The new independent shops coming to Woodley are very much the kinds of things many have been hoping for for years.

‘Corporates out, indies in’, as Hicks Baker’s Fiona Brownfoot puts it. But last month’s change to allow retail units to be converted to residential under Permitted Development Rights could surely threaten small towns which had just had a boost from the trend of shopping locally.

So it was interesting to notice the aspect of Reading Borough Council’s decision to seek an Article 4 Direction which covers local centres.

All over town the council has sought to protect small parades of shops. This has to be a positive move. No end of corner shops and pubs have disappeared from communities but there are still small bustling areas of activity at local retail centres which mean people will gather and the retailers can thrive off one another.
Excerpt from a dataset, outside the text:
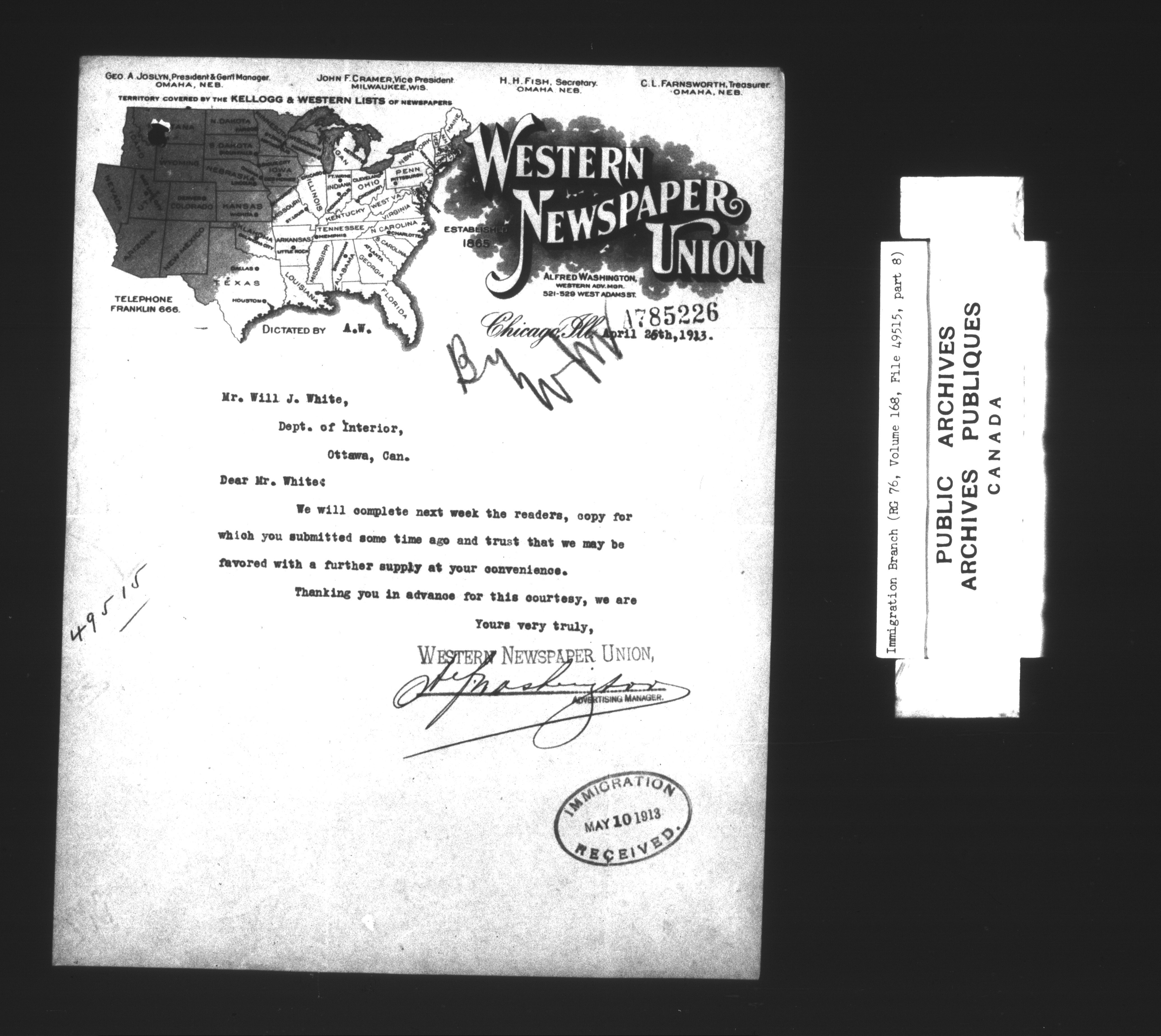 Subject, policy and case files in the First Central Registry series of the Immigration Program, 1892-1950 - 7325

But if a parade of 10 shops loses three or four to residential, then the others will likely fade away as footfall drops. If you have ever driven through the South Oxfordshire village of Nettlebed, you will see a lovely high street with a church, a pub and a club.

But the everyday shops have all but vanished, leaving a soulless street where the only movement is people driving through.

Yet the desire to gather is still there. Nettlebed Creamery runs a partially-covered outdoor coffee shop, where, even on weekdays, locals, including many dogwalkers, get together. It seems to have replaced the High Street as a casual meeting place.

So while the arguments over converting offices to homes rages on, Reading’s aim of protecting small centres is to be welcomed.

Wokingham Borough Council would do well to consider a similar move to keep Woodley thriving.